TASK DATA:
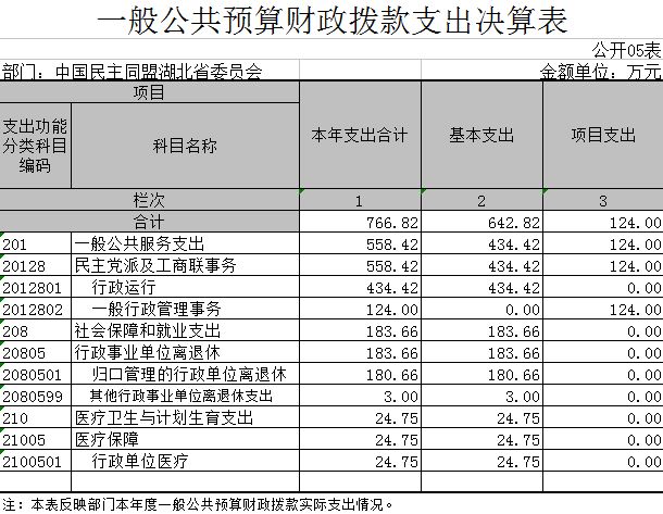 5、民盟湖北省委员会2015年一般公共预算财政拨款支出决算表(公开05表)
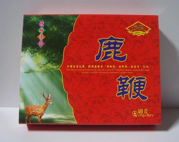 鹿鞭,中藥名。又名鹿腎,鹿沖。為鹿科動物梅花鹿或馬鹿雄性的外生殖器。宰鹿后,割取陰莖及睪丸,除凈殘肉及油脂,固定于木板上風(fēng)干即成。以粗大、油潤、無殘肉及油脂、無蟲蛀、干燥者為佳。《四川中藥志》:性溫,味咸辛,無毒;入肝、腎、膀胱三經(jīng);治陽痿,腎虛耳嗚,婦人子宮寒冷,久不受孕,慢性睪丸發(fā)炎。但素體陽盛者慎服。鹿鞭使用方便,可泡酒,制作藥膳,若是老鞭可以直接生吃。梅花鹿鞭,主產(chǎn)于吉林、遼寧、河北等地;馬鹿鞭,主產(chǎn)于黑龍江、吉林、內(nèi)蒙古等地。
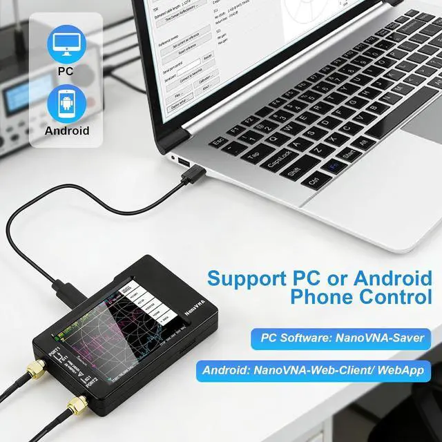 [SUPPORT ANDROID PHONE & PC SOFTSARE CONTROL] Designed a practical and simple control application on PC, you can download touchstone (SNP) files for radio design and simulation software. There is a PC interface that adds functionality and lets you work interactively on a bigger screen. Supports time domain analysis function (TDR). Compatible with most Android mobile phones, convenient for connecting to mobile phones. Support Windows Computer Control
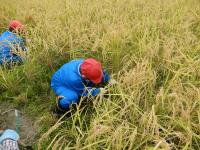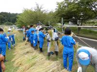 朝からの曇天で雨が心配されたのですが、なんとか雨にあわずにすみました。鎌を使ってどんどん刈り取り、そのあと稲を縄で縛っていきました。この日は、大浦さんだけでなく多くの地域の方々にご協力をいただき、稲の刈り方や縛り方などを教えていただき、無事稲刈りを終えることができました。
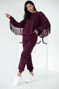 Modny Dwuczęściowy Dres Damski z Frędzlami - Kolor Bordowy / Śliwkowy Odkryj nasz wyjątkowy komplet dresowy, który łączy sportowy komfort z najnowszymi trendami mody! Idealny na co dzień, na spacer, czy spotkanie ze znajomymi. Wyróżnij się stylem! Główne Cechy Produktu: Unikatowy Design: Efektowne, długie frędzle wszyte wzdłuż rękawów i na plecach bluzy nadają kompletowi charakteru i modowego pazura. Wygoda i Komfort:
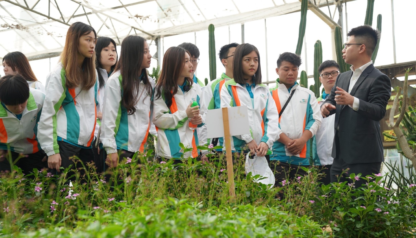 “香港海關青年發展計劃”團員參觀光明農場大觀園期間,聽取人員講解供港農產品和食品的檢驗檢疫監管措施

WHAT THIS TASK INVOLVES:
Print exactly the lines from the line with "Modny Dwuczęściowy Dres" through the end of the data, both ends included, and print no pictures.

WRITTEN SOLUTION:
 Modny Dwuczęściowy Dres Damski z Frędzlami - Kolor Bordowy / Śliwkowy Odkryj nasz wyjątkowy komplet dresowy, który łączy sportowy komfort z najnowszymi trendami mody! Idealny na co dzień, na spacer, czy spotkanie ze znajomymi. Wyróżnij się stylem! Główne Cechy Produktu: Unikatowy Design: Efektowne, długie frędzle wszyte wzdłuż rękawów i na plecach bluzy nadają kompletowi charakteru i modowego pazura. Wygoda i Komfort:
 “香港海關青年發展計劃”團員參觀光明農場大觀園期間,聽取人員講解供港農產品和食品的檢驗檢疫監管措施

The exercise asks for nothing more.